One other objection often raised to the status of Archaeopteryx is the argument that since the dinosaurs that are claimed to be Archaeopteryx’s closest relatives were contemporaries of Archaeopteryx in the Jurassic period, Archaeopteryx cannot be a valid “transitional form”.   However, this argument is also weak.  Using the concept of ghost taxa, or taxa inferred in a cladistic tree from unique shared characteristics, scientists can infer the characteristics of “transitional forms” between Archaeopteryx and the dinosaurs it evolved from, for example.  While this approach assumes the validity of evolutionary theory, this is not a problem, due to the fact that evolutionary theory is uniformly accepted by biologists and paleontologists.  Biologists see natural selection operating on a daily basis, and paleontologists continuously find an ordered, linear sequence within the fossil record.  Combining these two lines of evidence (among many others), one can infer that evolution does, in fact, work.  Therefore, the assumption of evolution as a scientific fact does not present a serious problem.

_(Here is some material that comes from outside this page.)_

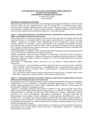 POSTANOWIENIA DOTYCZĄCE ZAPEWNIENIA BEZPIECZEŃSTWA NA MECZACH PIŁKARSKICH POMORSKIEGO ZWIĄZKU PIŁKI NOŻNEJ w sezonie 2015/2016 (tekst jednolity) OBOWIĄZKI GOSPODARZA ZAWODÓW Organizator zawodów jest zobowiązany do przestrzegania wymogów określonych w Ustawie z dnia 20 marca 2009 roku oraz zmianie Ustawy z dnia 31 sierpnia 2011 r, o bezpieczeństwie imprez masowych (dla zawodów zaklasyfikowanych jako masowa impreza sportowa - mecz piłki nożnej) oraz przepisów związkowych z zakresu bezpieczeństwa na obiektach piłkarskich (dla zawodów, które nie noszą znamion masowej imprezy sportowej - meczu piłki nożnej). Część I - Obowiązki gospodarza zawodów dotyczące zapewnienia bezpieczeństwa meczów piłki nożnej będących imprezami masowymi. 1.Mecz piłki nożnej jest masową imprezą sportową wówczas, gdy taki mecz będzie miał na celu współzawodnictwo w dyscyplinie piłki nożnej, będzie organizowany na stadionie lub w innym obiekcie sportowym, na którym liczba udostępnionych przez organizatora miejsc dla osób, ustalona zgodnie z przepisami prawa budowlanego oraz przepisami dotyczącymi ochrony przeciwpożarowej, wynosi nie mniej niż 1000 z tym, że impreza ma charakter masowy decyduje (art. 3 Ustawy o bezpieczeństwie imprez masowych) - liczba udostępnionych miejsc na obiekcie dla osób/publiczności nie mniej niż tysiąc. 2.Obowiązki klubów wynikające z faktu organizowania meczu będącego imprezą masową zawarte są w art. 25. Ustawy o bezpieczeństwie imprez masowych. 3.Kluby (organizator imprezy) muszą wystąpić do właściwego prezydenta miasta, burmistrza miasta lub wójta z wnioskiem o wydanie zezwolenia na organizację imprezy masowej. W takim przypadku organizator składa wniosek nie później niż na 30 dni przed planowanym terminem rozpoczęcia imprezy. 4.Zezwolenie na organizację imprez masowych (art. 29 Ustawy o bezpieczeństwie imprez masowych): a) w zezwoleniu zostaną określone warunki organizacji imprezy masowej, przede wszystkim liczba członków służb informacyjnych i porządkowych (tzw. stewardzi), którzy muszą być obecni podczas imprezy masowej i dbać o bezpieczeństwo i obsługę osób pozostających na terenie imprezy masowej; b) w zezwoleniu można określić większą liczbę imprez masowych, np. wszystkie mecze, które klub będzie rozgrywał na danym obiekcie w całej rundzie rozgrywkowej. Część II – Obowiązki gospodarza zawodów dotyczące zapewnienia bezpieczeństwa meczów piłki nożnej niebędących imprezami masowymi Za organizacje meczu nie będącego imprezą masową pełną odpowiedzialność ponosi Zarząd Klubu (Organizator). W celu zapewnienia i utrzymania porządku publicznego na widowni i obiekcie podczas organizowanego meczu piłki nożnej organizator (klub sportowy) zobowiązany jest przestrzegać i realizować następujące zasady: 1.Zgodnie z wymogami przepisów licencyjnych w klubach IV ligi, należy powołać osobę, która będzie wykonywała funkcję kierownika ds. bezpieczeństwa na obiekcie, w klubach niższych klas rozgrywkowych co najmniej Koordynatora Służb Klubowych Zawodów Piłkarskich, spikera zawodów w IV lidze, posiadającego odpowiednie przeszkolenie. Powołany Kierownik ds. Bezpieczeństwa musi spełnić wymogi wynikające z Rozporządzenia Rady Ministrów z dnia 30 sierpnia 2011 r. W klubach klas niższych należy powołać osobę, która będzie odpowiedzialna za koordynację działań związanych z problematyką bezpieczeństwa na własnym obiekcie. Dokumenty stwierdzające uprawnienia ww. osób do sprawowania ich funkcji powinny znajdować się w teczce obiektowej organizatora meczu. 2.Powołane osoby odpowiedzialne za bezpieczeństwo na obiekcie, powinny posiadać opracowany i zatwierdzony przez zarząd klubu zakres uprawnień i obowiązków związanych z organizacją bezpieczeństwa na obiekcie. 3.Organizator, a w jego imieniu Kierownik ds. Bezpieczeństwa/osoba odpowiedzialna za koordynację działań w zakresie zapewnienia bezpieczeństwa, zobowiązani są przed każdym rozpoczęciem sezonu rozgrywkowego poinformować pisemnie niżej wymienione podmioty o organizowaniu meczów piłki nożnej i zorganizować przegląd obiektu. Należy omówić warunki bezpieczeństwa z udziałem przedstawicieli miejscowych władz samorządowych, Policji, Straży Miejskiej, Straży Pożarnej, służb sanitarnych i medycznych. Z wykonanych czynności powinien zostać sporządzony protokół uzgodnień. 4.Organizator zobowiązany jest do przekazania ww. podmiotom terminarz zawodów na daną rundę rozgrywek i podać przewidywaną ilość miejsc udostępnionych na stadionie w czasie zawodów piłki nożnej. 5.Obiekt, który posiada większą ilość miejsc od udostępnionych publiczności, musi dokonać wyłączenia pozostałej jego części. 6.Organizator meczu piłki nożnej - odpowiada za bezpieczeństwo uczestników zawodów (w tym widzów) od momentu otwarcia bram (udostępniania obiektu dla widzów) do momentu opuszczenia przez widzów obiektu (zamknięcia bram). 7.Jeżeli jakiekolwiek niebezpieczeństwo zagraża sędziom i drużynie gości, drużyna gospodarzy oraz organizator zawodów zobowiązani są zapewnić im wystarczającą ochronę. Jeżeli niebezpieczeństwo zagraża tylko sędziom - obowiązek udzielenia ochrony i pomocy spoczywa na obu drużynach i organizatorze zawodów. 8.Organizator zawodów odpowiedzialny jest za bezpieczeństwo sędziów zarówno przed, podczas ich trwania i po zawodach, jak i podczas opuszczania miejsca rozgrywania zawodów 9.Organizator w przypadku, gdy obiekt nie posiada zewnętrznego ogrodzenia, zobowiązany jest do określenia i oznakowania obszaru (terenu), na którym są organizowane zawody piłki nożnej z udziałem publiczności. 10.Organizator zobowiązany jest do udostępnienia i sprzedaży biletów wstępu tylko na miejsca siedzące. 11.Zgromadzić wszystkie dokumenty związane z organizacją zawodów w Teczce Obiektowej (do klasy

If Archaeopteryx’s status as a “transitional fossil” is so well-accepted by scientists (note that by saying Archaeopteryx is a traqnsitional form, I am not saying that it necessarily evolved into birds, but rather that it showcases features unique to birds and dinosaurs, which illustrates that dinosaur-bird evolution has taken place, either through Archaeopteryx or some other closely related group of early birds), then why are people still trying to destroy it’s status?  Archaeopteryx is not the problem here.  Evolution itself isn’t even necessarily the problem.  The problem is often that Archaeopteryx, evolution, and a 4.6 billion-year-old earth are seen, at least by some, to threaten the percieved “special place” of humanity in nature. This conflict is the root of the percieved conflict between science and religion.  What is at stake here, from the perspective of Creationists especially, is not science, but rather humanity’s special place, elevated above the rest of the natural world.

Works Cited:

Bakker, RT.  The Dinosaur Heresies: New Theories Unlocking the Mystery of the Dinosaurs and Their Extinction. Citadel Press Books, New York, 1986

Benton, MJ. Origin and Interrelationships of Dinosaurs, in The Dinosauria, edited by DB Weishampel, P. Dodson, and H. Osmolska.  University of California Press, Berkeley, 1992.  p. 11-30.

Darwin, C.  The Origin of Species. 6th edition, reprinted by Castle Books, Edison, 2004. First edition originally published 1859.

Falconer, H. letter of Jan. 3, 1863 to Charles Darwin.  In The Correspondence of Charles Darwin Vol. 11, edited by F. Furkhardt, DM Porter, SA Dean, JR Tophan, and S. Wilmot.  Cambridge University Press, Cambridge, 1999

Johnson, PE.  Darwin on Trial.InterVarsity Press, Downers Grove, 1993

Prothero, DR.  Evolution: What the Fossils Say and Why it Matters. Columbia University Press, New York, 2007.